Of the records that follow, copy only the lines from the line containing "当前,河北省疫情防控形势严峻" to the line containing "Нарядное женское платье", both included, exactly as written.

▶ **GIVEN INFORMATION**:
+---+

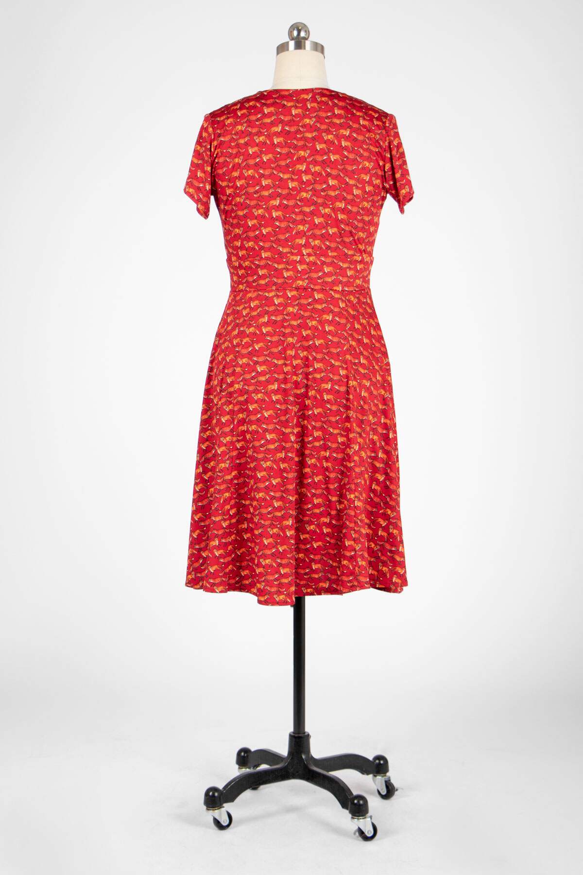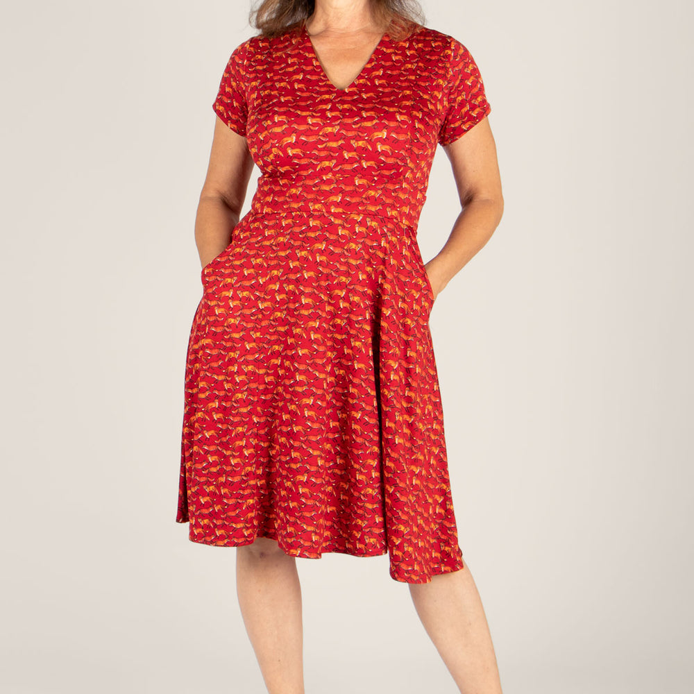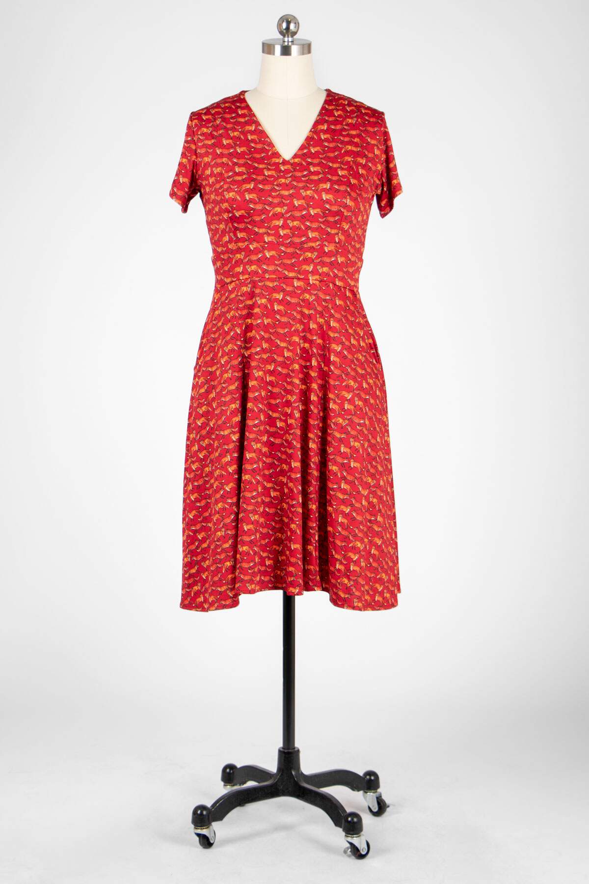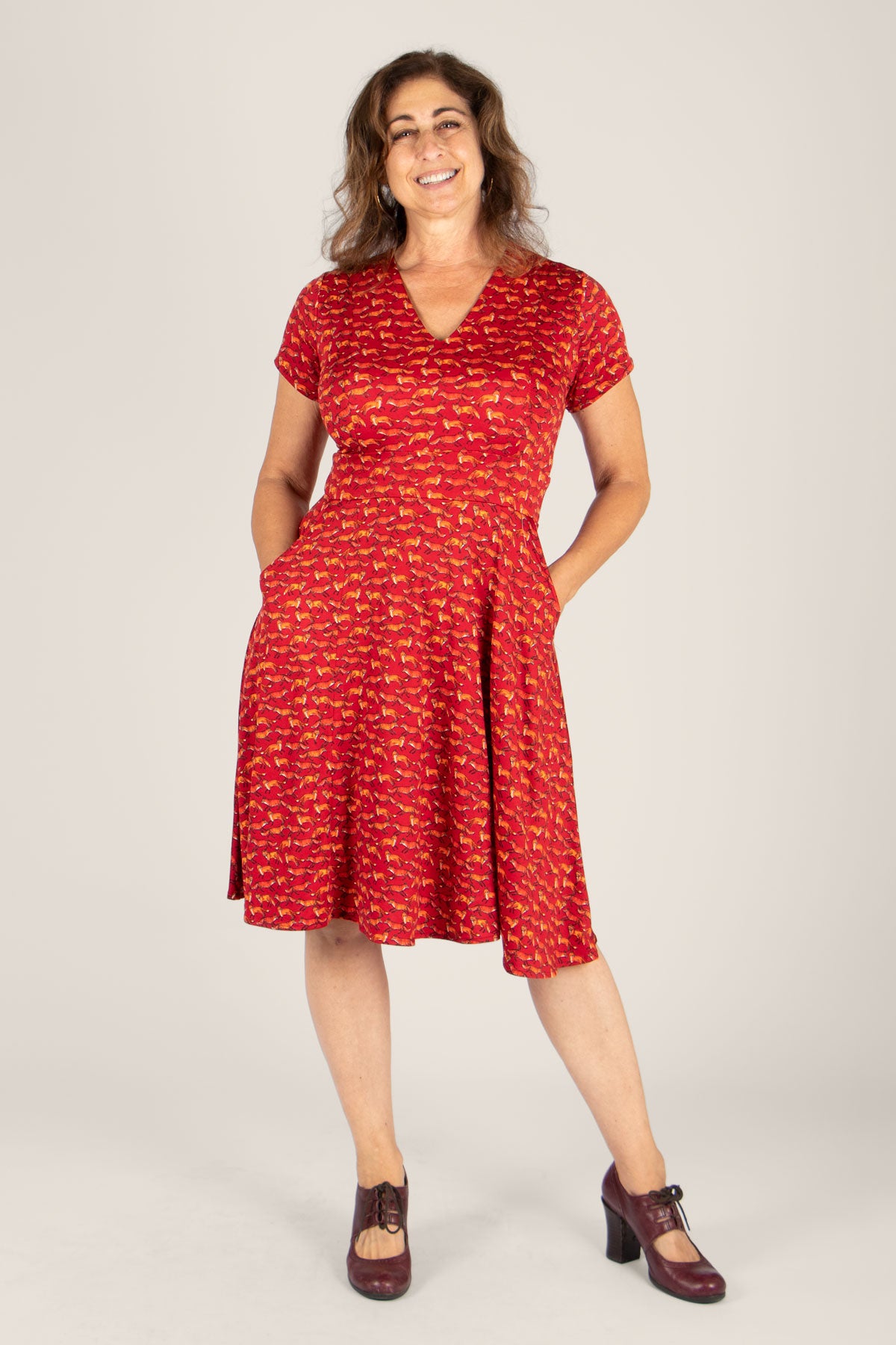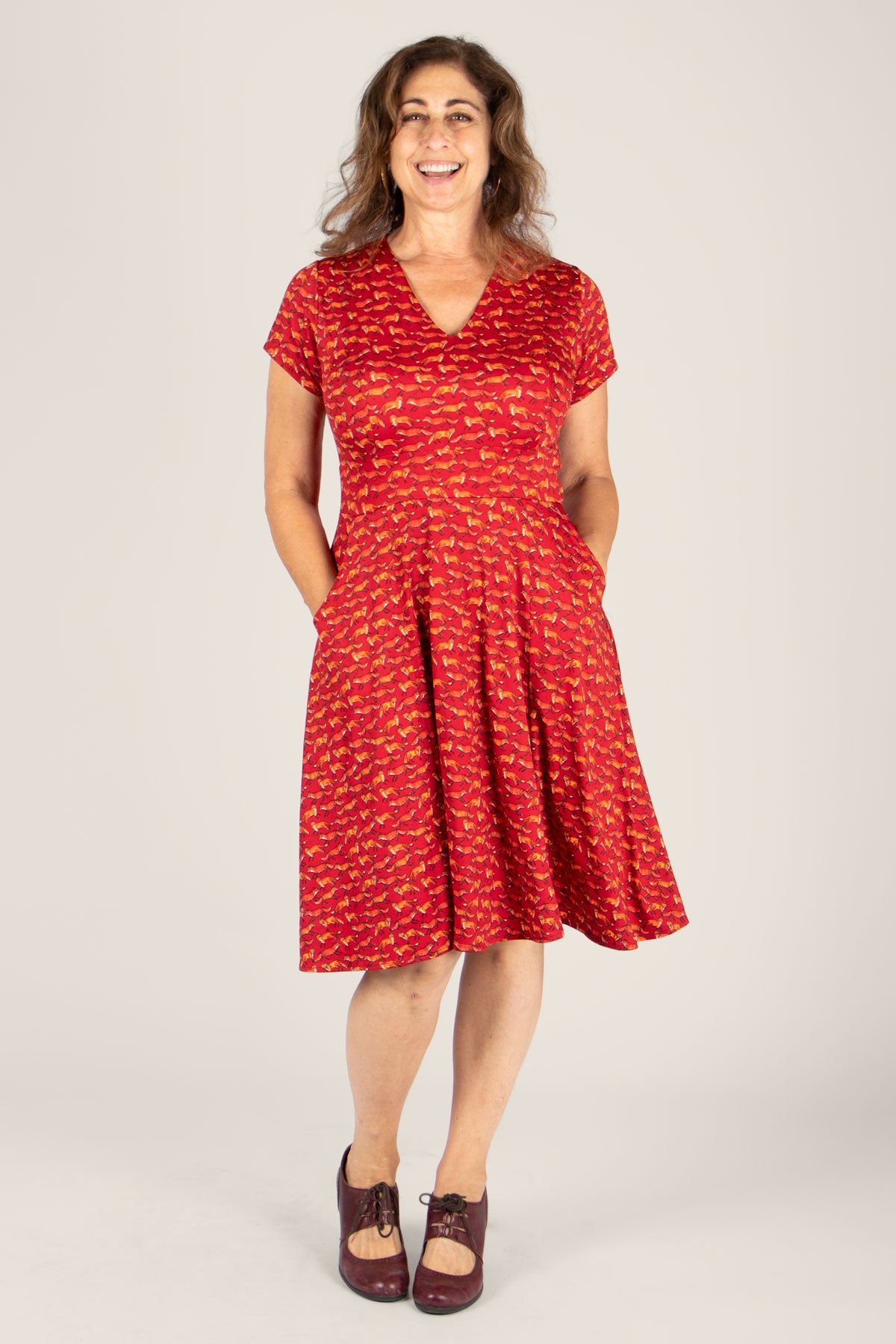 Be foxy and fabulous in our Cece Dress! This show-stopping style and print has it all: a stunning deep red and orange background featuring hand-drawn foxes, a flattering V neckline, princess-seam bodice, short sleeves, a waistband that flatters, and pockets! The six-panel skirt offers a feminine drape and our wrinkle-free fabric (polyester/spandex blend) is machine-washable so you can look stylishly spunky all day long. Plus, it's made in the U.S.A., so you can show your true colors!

+---+

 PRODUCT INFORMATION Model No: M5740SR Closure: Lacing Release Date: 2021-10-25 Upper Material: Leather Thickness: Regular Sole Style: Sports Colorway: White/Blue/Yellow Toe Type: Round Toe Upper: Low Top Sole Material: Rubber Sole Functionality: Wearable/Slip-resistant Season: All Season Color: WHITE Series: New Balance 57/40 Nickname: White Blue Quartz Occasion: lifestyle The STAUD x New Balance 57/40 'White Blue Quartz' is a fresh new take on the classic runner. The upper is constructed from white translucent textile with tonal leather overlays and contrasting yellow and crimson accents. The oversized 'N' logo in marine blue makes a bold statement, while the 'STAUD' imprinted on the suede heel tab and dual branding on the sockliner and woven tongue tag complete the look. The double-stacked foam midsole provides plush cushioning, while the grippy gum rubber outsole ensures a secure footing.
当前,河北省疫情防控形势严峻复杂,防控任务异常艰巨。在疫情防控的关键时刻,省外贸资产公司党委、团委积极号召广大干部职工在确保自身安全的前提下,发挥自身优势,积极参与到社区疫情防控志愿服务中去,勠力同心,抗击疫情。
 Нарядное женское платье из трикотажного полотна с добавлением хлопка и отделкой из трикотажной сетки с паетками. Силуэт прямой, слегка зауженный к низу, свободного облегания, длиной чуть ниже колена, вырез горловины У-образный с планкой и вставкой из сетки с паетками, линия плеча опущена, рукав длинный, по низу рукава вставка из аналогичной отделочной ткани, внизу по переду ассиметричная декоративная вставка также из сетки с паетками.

+---+

▶ **EXERCISE RESULT**:
当前,河北省疫情防控形势严峻复杂,防控任务异常艰巨。在疫情防控的关键时刻,省外贸资产公司党委、团委积极号召广大干部职工在确保自身安全的前提下,发挥自身优势,积极参与到社区疫情防控志愿服务中去,勠力同心,抗击疫情。
 Нарядное женское платье из трикотажного полотна с добавлением хлопка и отделкой из трикотажной сетки с паетками. Силуэт прямой, слегка зауженный к низу, свободного облегания, длиной чуть ниже колена, вырез горловины У-образный с планкой и вставкой из сетки с паетками, линия плеча опущена, рукав длинный, по низу рукава вставка из аналогичной отделочной ткани, внизу по переду ассиметричная декоративная вставка также из сетки с паетками.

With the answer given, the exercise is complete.